With the development of ENSO-related theories, observing systems and numerical models, there has been encouraging progress in our understanding and prediction of ENSO (Wang and Picaut 2004; Wang and Fiedler 2006), and generally it is skillfully predictable with a 1-year lead time in hindcast experiments (Chen and Cane 2008; Jin et al. 2008). However, considerable uncertainties still exist in realistic ENSO predictions; in particular, the influence of the so-called “spring predictability barrier” (SPB) for El Niño (Latif et al. 1994, 1998; Kirtman et al. 2002; Luo et al. 2005, 2008; Jin et al. 2008). This barrier manifests as a sharp drop-off in the monthly persistence of observed oceanic and atmospheric index associated with ENSO across boreal spring, and in numerical prediction models it appears as a sudden decrease (or increase) of the anomaly correlation coefficient (ACC) (or RMSE: root-mean-square error), regardless of the starting month (Webster and Yang 1992; Webster 1995; Torrence and Webster 1998; Luo et al. 2008). From the perspective of error growth, a “significant SPB” refers to the phenomenon that ENSO forecasting has a large prediction error; and in particular, a prominent error growth occurs during boreal spring when the prediction is made before and throughout that spring (Mu et al. 2007a, b; Duan et al. 2009; Duan and Wei 2012).
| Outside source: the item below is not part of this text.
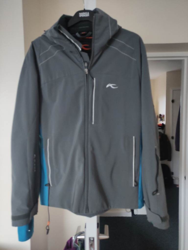 I have a nearly new male KJUS ski jacket in dark grey, size 48/S, with a detachable hood and all the ski features - long neck warmer, zipped sleeve pocket, adjustable waist, inner and outer breast pockets, adjustable Velcro sleeve ends and extended inner hand warmer.

Agreement regarding the cause of the SPB has yet to be reached, although considerable efforts have been made in studying this phenomenon. Some studies argue that the SPB is an intrinsic characteristic of ENSO forecasting. Because the signal-to-noise ratio for SST tends to be lowest in spring, even additional observations cannot change the fact of the low signal in spring (Xue et al. 1994; Samelson and Tziperman 2001). Others, meanwhile, believe that the SPB arises from the growth of initial errors. Chen et al. (1995, 2004) suggest that ENSO predictions depend more on the initial conditions than on unpredictable noise, and hence the predictability of ENSO across spring can be greatly enhanced through improving the initialization. Moore and Kleeman (1996) investigated the season-dependent evolutions of initial errors related to SPB by using the linear singular vector (LSV) method, and Xue et al. (1997a, b) also applied LSV to ENSO predictability studies.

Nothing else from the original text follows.